Continuance of Laws, etc. Act 1739
- Parliament of Great Britain
- Long title: An Act for continuing the several Laws therein mentioned, relating to the Premiums upon the Importation of Masts, Yards, and Bowsprits, Tar, Pitch, and Turpentine; to British-made Sail Cloth, and the Duties payable on Foreign Sail Cloth; to the Greenland and to the Whale Fishery; for granting a further Bounty for all Ships employed in the Whale Fishery during the present War; for exempting Harponeers and others, employed in the Greenland Fishery Trade, from being impressed; and for giving further Time for the Payment of Duties omitted to be paid for the Indentures and Contracts of Clerks and Apprentices.
- Citation: 13 Geo. 2. c. 28
- Territorial extent: Great Britain

Dates
- Royal assent: 29 April 1740
- Commencement: 15 November 1739
- Repealed: 15 July 1867

Other legislation
- Amends: See § Continued enactments
- Repealed by: Statute Law Revision Act 1867
- Relates to: See Expiring laws continuance acts

Status: Repealed

Text of statute as originally enacted

= Continuance of Laws, etc. Act 1739 =

Act of the Parliament of Great Britain

The Continuance of Laws, etc. Act 1739 (13 Geo. 2. c. 28) was an act of the Parliament of Great Britain that continued various older acts.

== Background ==
In the United Kingdom, acts of Parliament remain in force until expressly repealed. Many acts of parliament, however, contained time-limited sunset clauses, requiring legislation to revive enactments that had expired or to continue enactments that would otherwise expire.

== Provisions ==
=== Continued enactments ===
Section 1 of the act continued the Preservation of Woods, America Act 1728 (25 Geo. 2. c. 35), "as relates to the Premiums upon Malts, Yards and Bowsprits, Tar, Pitch and Turpentine" from the expiration of those enactments until the end of the next session of parliament after 25 December 1750.
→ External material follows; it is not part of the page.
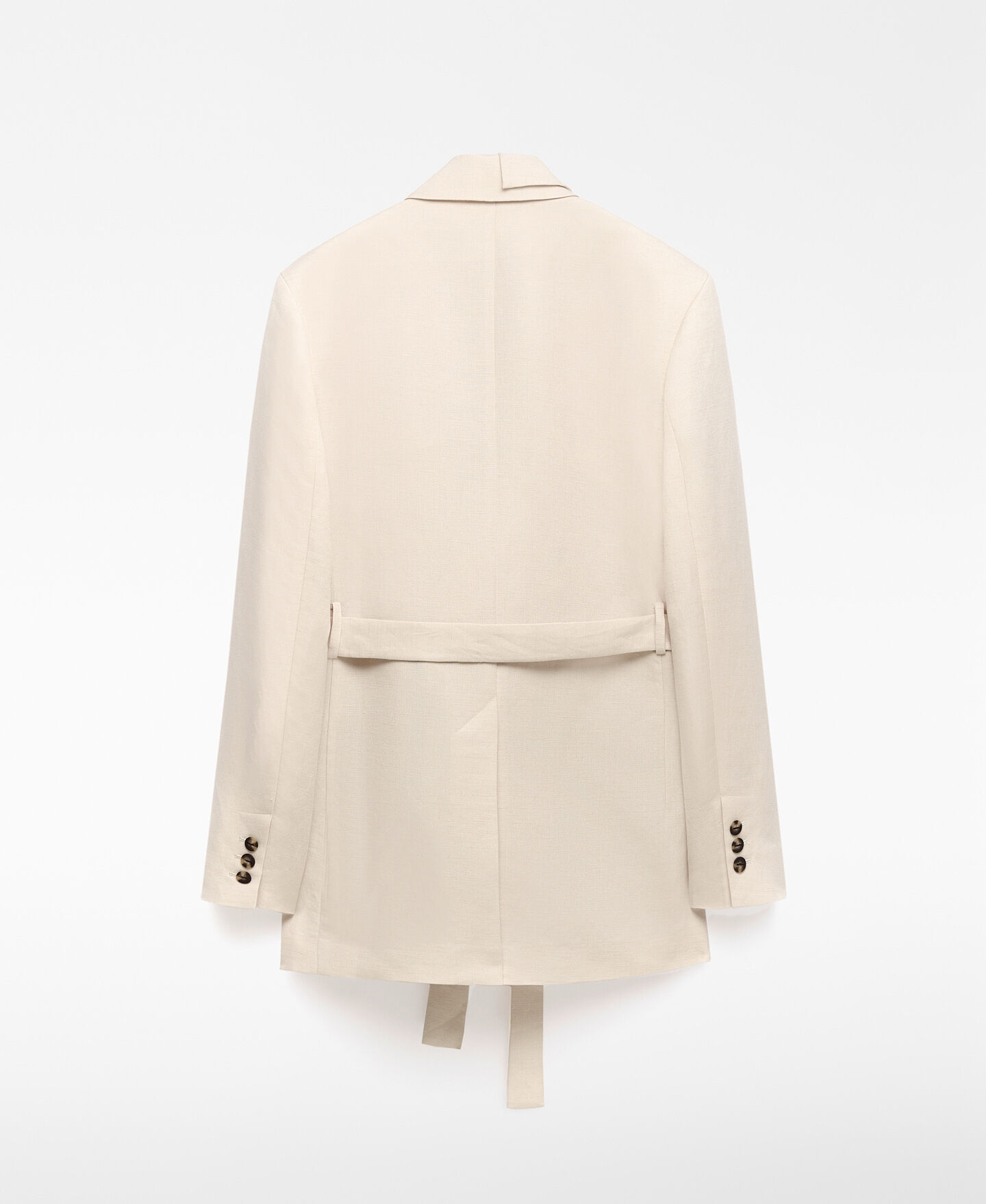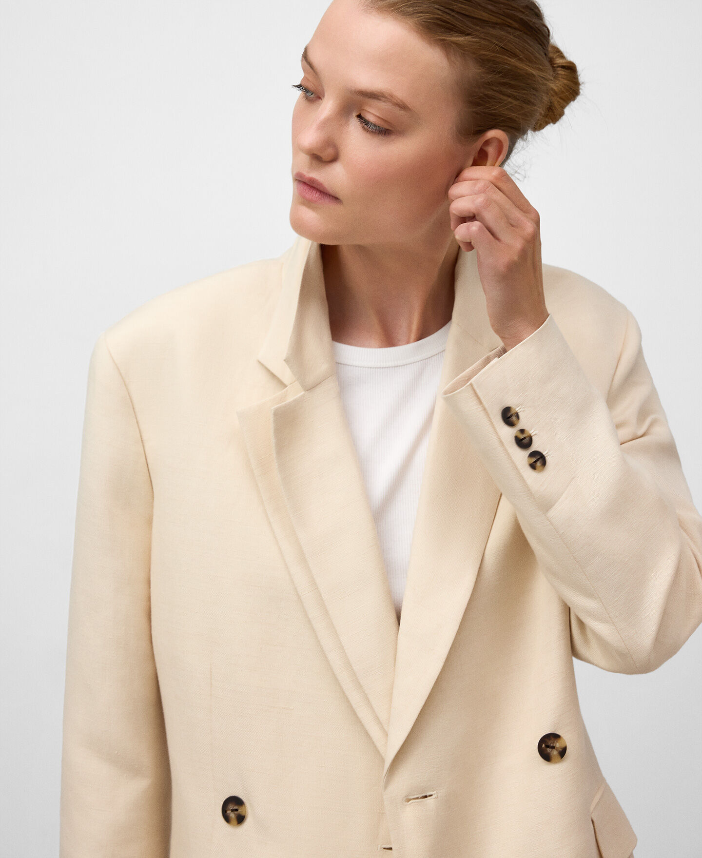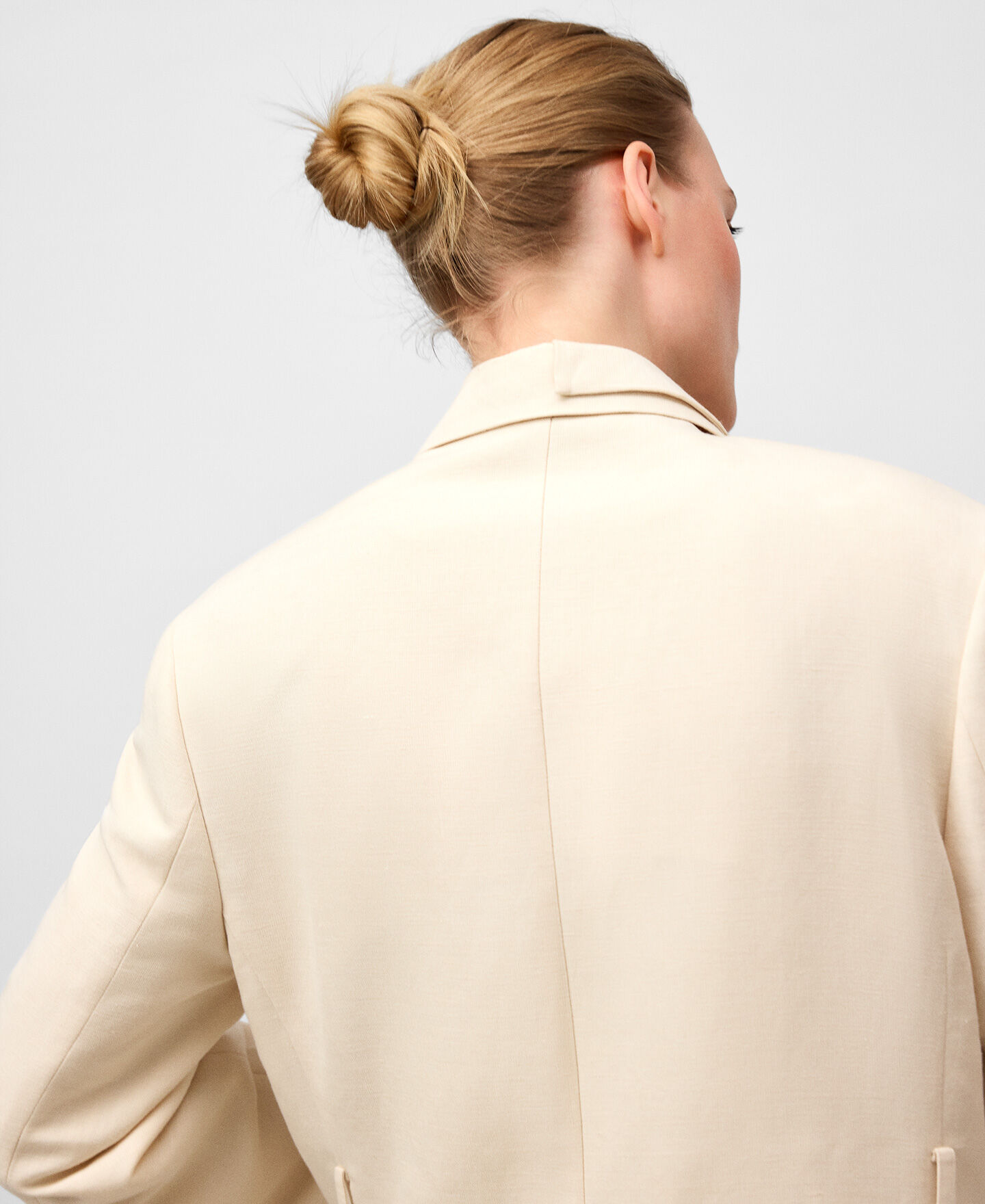 Blazer recta con lino europeo mujer. Doble pieza en solapa derecha. Hombreras. Manga larga con tres botones en puño. Doble botonadura en delantero. Bolsillos de vivo con solapa en delantero. Cinturón. Abertura central en espalda. Largo bajo cadera.

Section 2 of the act continued the Manufacture of Sail Cloth Act 1735 (9 Geo. 2. c. 37) from the expiration of the act until the end of the next session of parliament after 25 December 1750.

Section 3 of the act continued the Greenland Fishery Act 1731 (5 Geo. 2. c. 28) from the expiration of the act until the end of the next session of parliament after 25 December 1750.

Section 4 of the act continued the Whale Fishery Act 1732 (6 Geo. 2. c. 33) from the expiration of the act until the end of the next session of parliament after 25 December 1750.

Section 5 of the act provided that during wartime, an additional bounty of ten shillings per ton would be paid to masters or owners of Greenland whaling vessels, beyond the existing twenty shillings bounty, and protected harpooners, line-managers, and seamen in the Greenland fishery from impressment, allowing them to work in the coal trade when not whaling if they provided security to return to whaling.

Section 6 of the act provided that people who had neglected to pay stamp duties on apprenticeship or clerkship indentures, or omitted to record the full sums paid for such positions, could rectify these omissions by paying the required duties before 1 August 1740, and having the documents stamped before 29 September 1740, thereby validating the agreements and avoiding penalties.

== Legacy ==
The Select Committee on Temporary Laws, Expired or Expiring, appointed in 1796, inspected and considered all temporary laws, observing irregularities in the construction of expiring laws continuance acts, making recommendations and emphasising the importance of the Committee for Expired and Expiring Laws.

The whole act was repealed by section 1 of, and the schedule to, the Statute Law Revision Act 1867 (30 & 31 Vict. c. 59).